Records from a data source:
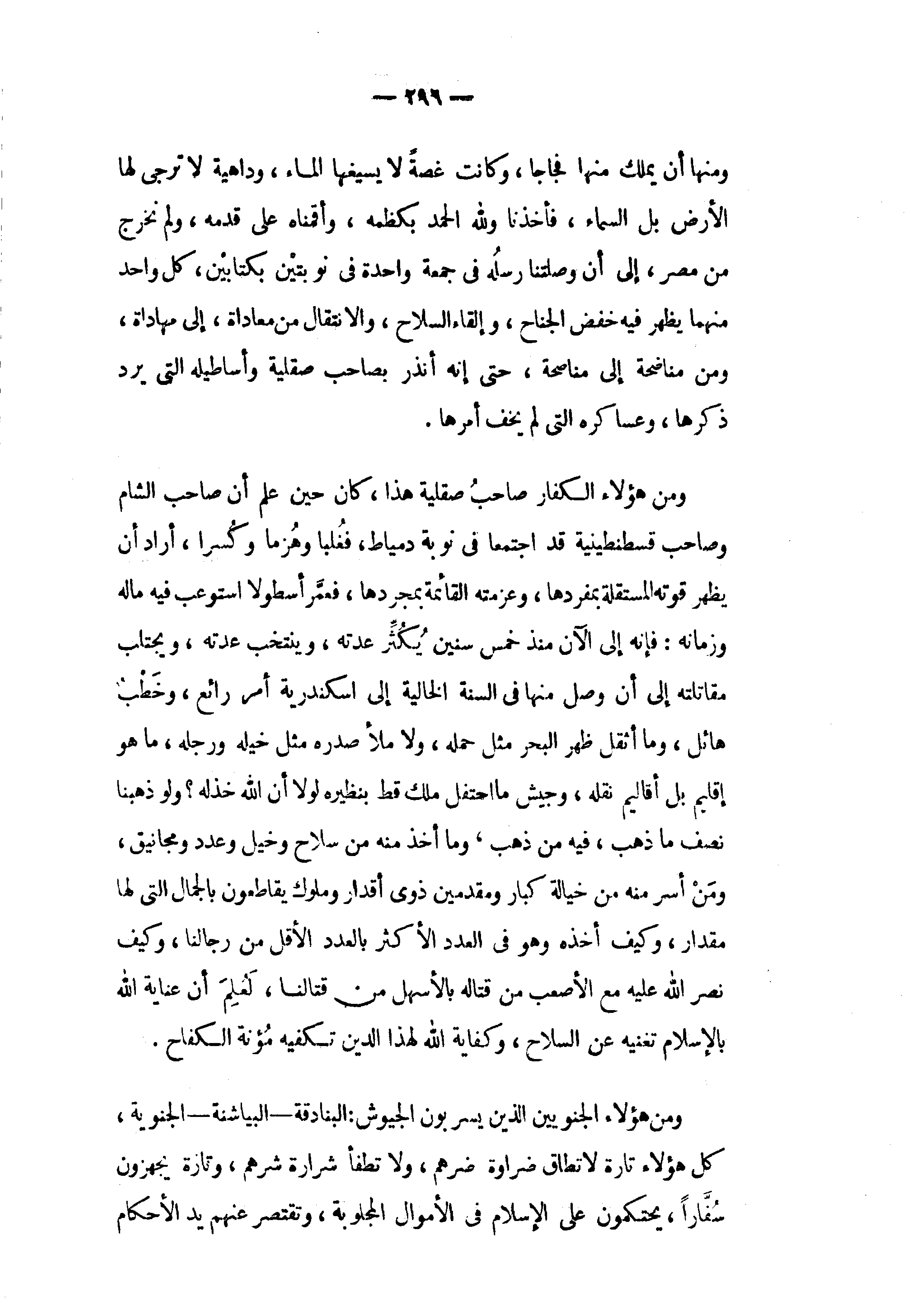 ومن هؤلاء الجنوبين الذين يسربون الجيوش: البنادقة - البياشنة - الجنوية، كل هؤلاء تارة لا تطاق ضراوة ضرهم، ولا تطفأ شرارة شرهم، وتارة يجهزون سفّارا، يحتكمون على الإسلام في الأموال المجلوبة، وتقتصر عنهم يد الأحكام
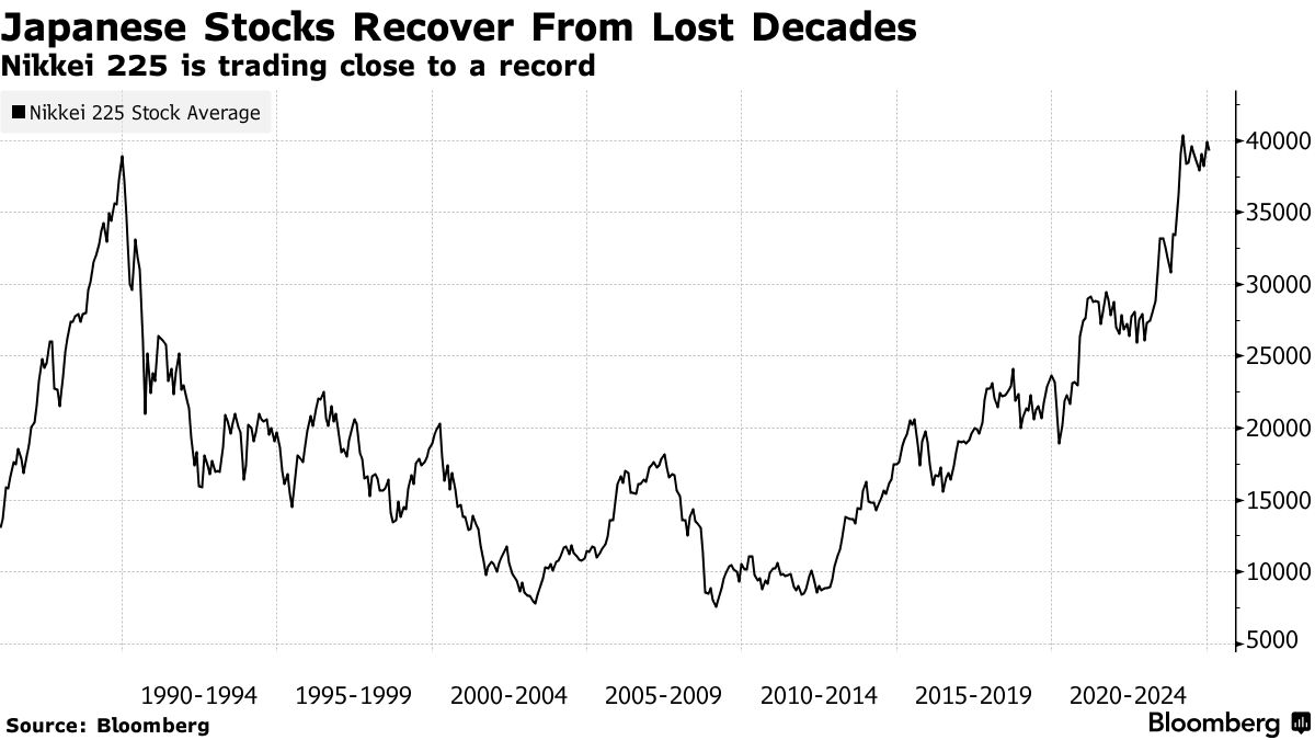 然而,随着日本股票接近创纪录的高点,风险依然存在。日本的两个基准股指在8月5日因中央银行在17年内第二次加息而下跌了12%,这使投资者情绪降温。
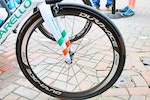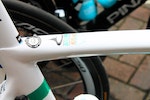 Instead, the green, white and orange-striped jersey is being showcased at the Tour of Britain, with Roche’s Pinarello Dogma F8 decorated in matching livery.
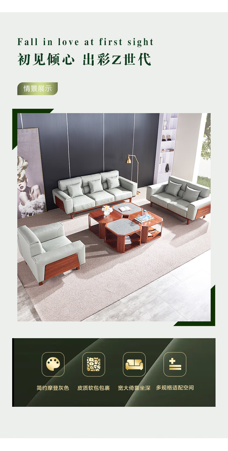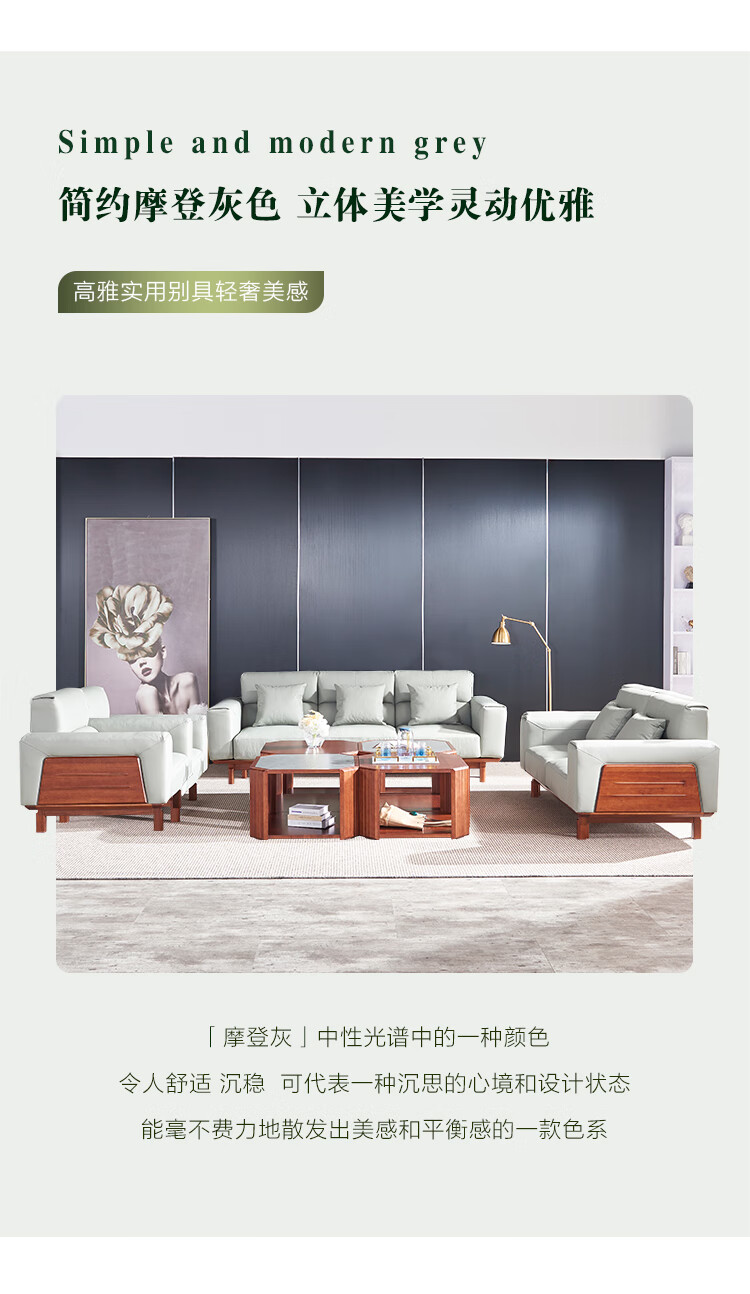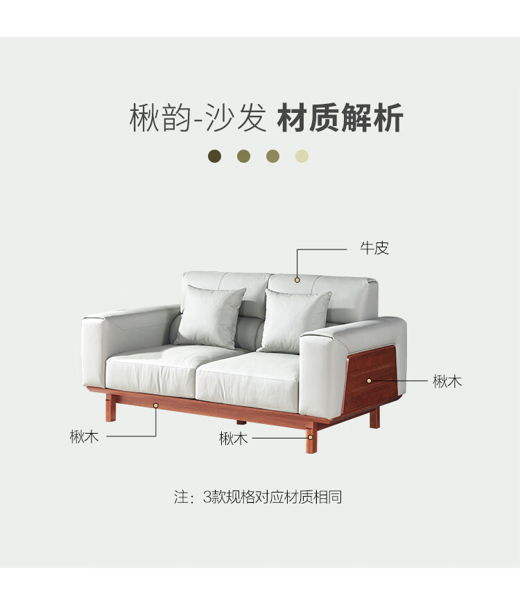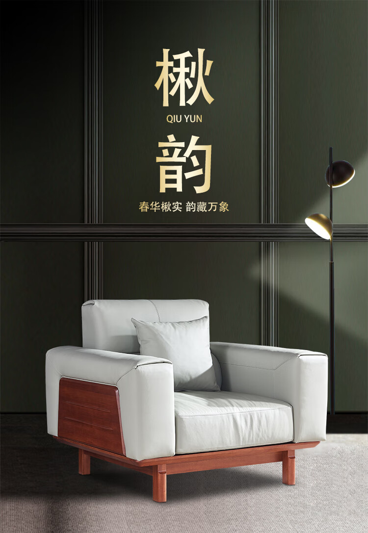 光明实木沙发现代简约软包沙发客厅楸木沙发 3894 1+1+3组合
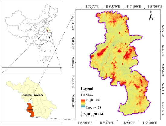 Nanjing, a city in eastern China, southwestern Jiangsu Province, along the lower reaches of the Yangtze River, is a core city of the Yangtze River Delta, with the geographical coordinates of 31°14′–32°37′ N and 118°22′–119°14′ E (see Figure 1). The city straddles the Yangtze River, connecting the Jianghuai Plain to the north and Yangtze River Delta to the east, with a maximum horizontal distance of approximately 70 km from east to west and 150 km from north to south. The city has a long north–south and narrow east–west plan, covering an area of 6587 km2. Nanjing has experienced a high level of urbanization and rapid economic development, which has led to dramatic changes in land use types and an uneven land use structure conflicting with ecosystem gradually. This study analyzed whether there was a spatial correlation between the landscape pattern index, which characterized land use patterns, and ESV in Nanjing and, if so, further explored the impact of changes in land use patterns on the ESV.
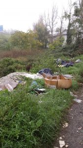 L’area, quasi completamente di competenza comunale, è stata invasa da rifiuti di vario genere.
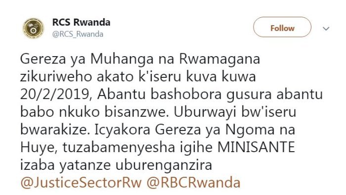Urwego rw’ Igihugu rushinzwe Imfungwa n’ Abagororwa RCS rwatangaje ko Gereza ya Muhanga n’ iya Rwamagana zakuriweho akato k’iseru.
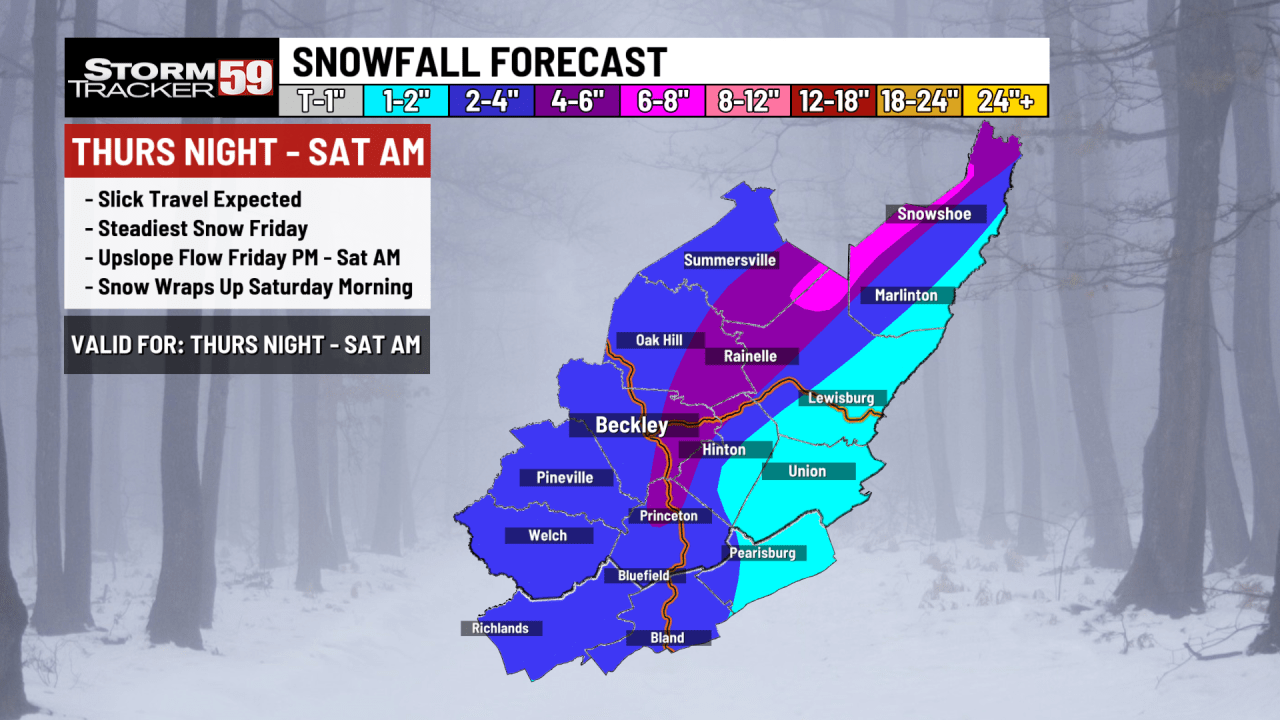 గురువారం రాత్రి నుండి శనివారం ఉదయం వరకు, మా ప్రాంతంలో చాలా వరకు 2 నుండి 4 అంగుళాల తాజా మంచు కనిపిస్తుంది, గ్రీన్బ్రియర్ వ్యాలీలో తక్కువగా ఉంటుంది మరియు పర్వతాలలో అర అడుగు ఉంటుంది. ఇది ఈ వారంలో ఇప్పటికే పడిపోయిన మొత్తం పైన అని గుర్తుంచుకోండి. అధిక ఉష్ణోగ్రతలు రోజంతా 20లలోనే ఉంటాయి, గాలి గాలులు 30 mph వరకు ఉండవచ్చు మరియు గాలి చలి సూచికలు 10s నుండి సింగిల్ డిజిట్కు పడిపోతాయి.
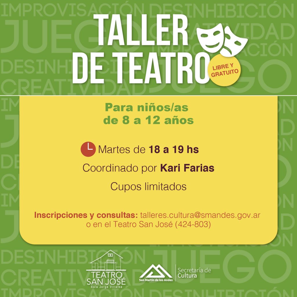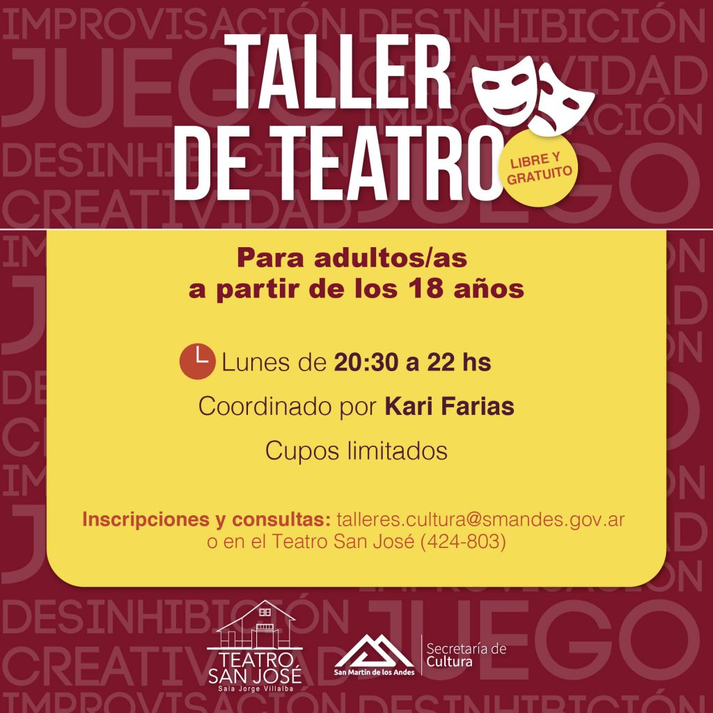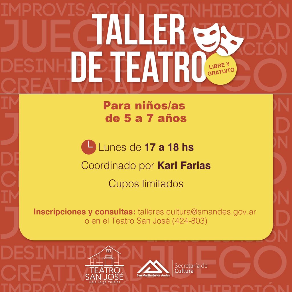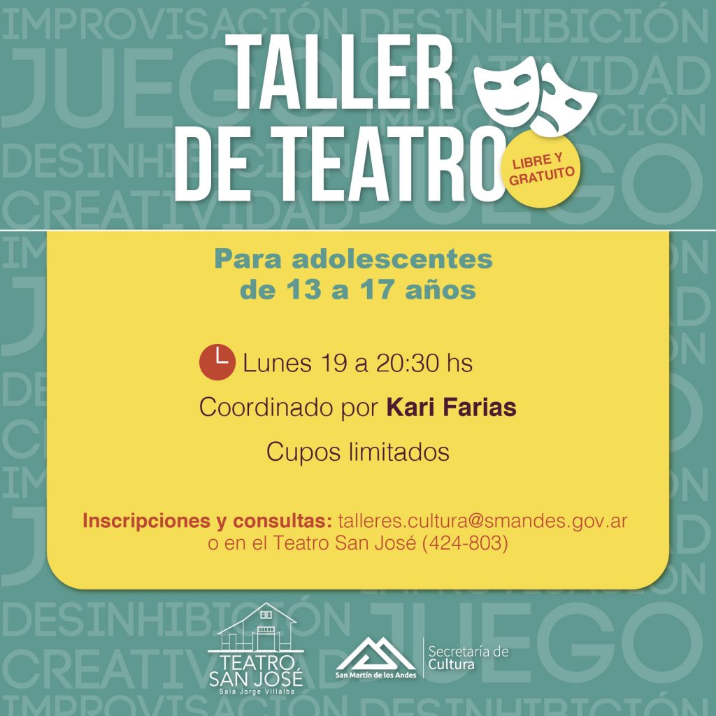 Para inscripciones y consultas escribir a talleres.cultura@smandes.gov.ar o llamar al Teatro San José (424-803).
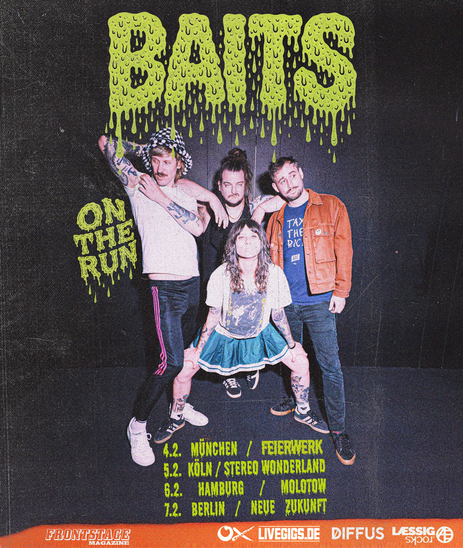 BAITS oscillate between punk energy, pop instinct, and the sweaty charm of the ’90s – raw, melodic, and always a little unpredictable, driven by rough edges placed with intent.
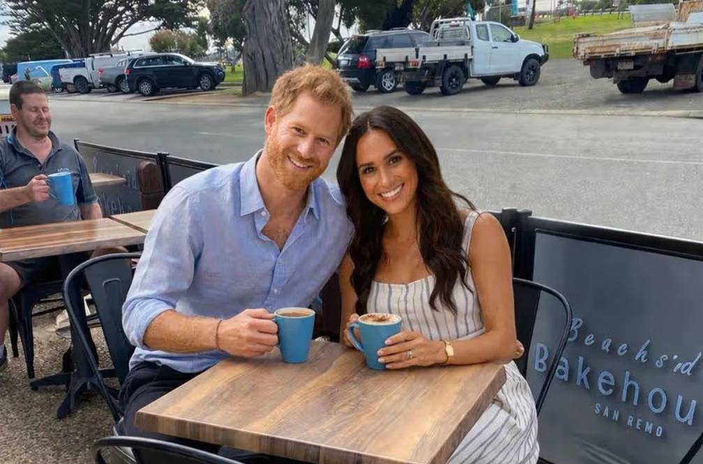 ‼️ Небольшое независимое кафе Beachside Bakehouse в Сан-Ремо, штат Виктория, максимально использовало "неофициальный" королевский визит Сассексов в Австралию, опубликовав фотографию, на которой пара, судя по всему, улыбается, наслаждаясь кофе на террасе кафе.
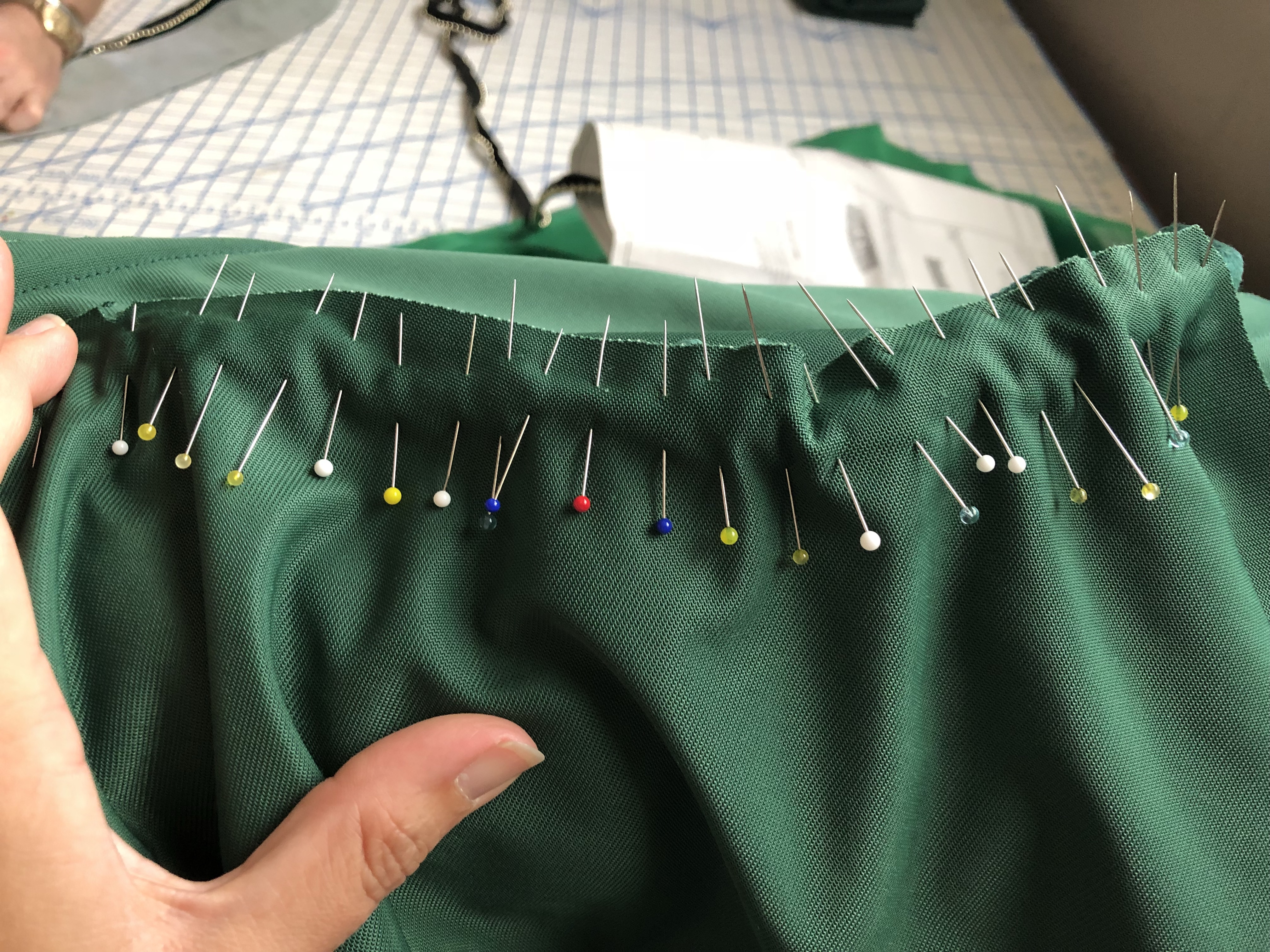 The complication? I was pretty sure that my water broke earlier that morning. I call Labor & Delivery to check in, but the nurse didn’t seem in a hurry to have me come to the hospital. Perfect! I have lining and fashion fabric to cut out and organza to hem!

_What you have to do_
Although the records above contain pictures, the copy should hold only the lines from their start through the line containing "然而,随着日本股票接近创纪录", each exactly as written, and none of the pictures.

_Result for this task_
 ومن هؤلاء الجنوبين الذين يسربون الجيوش: البنادقة - البياشنة - الجنوية، كل هؤلاء تارة لا تطاق ضراوة ضرهم، ولا تطفأ شرارة شرهم، وتارة يجهزون سفّارا، يحتكمون على الإسلام في الأموال المجلوبة، وتقتصر عنهم يد الأحكام
 然而,随着日本股票接近创纪录的高点,风险依然存在。日本的两个基准股指在8月5日因中央银行在17年内第二次加息而下跌了12%,这使投资者情绪降温。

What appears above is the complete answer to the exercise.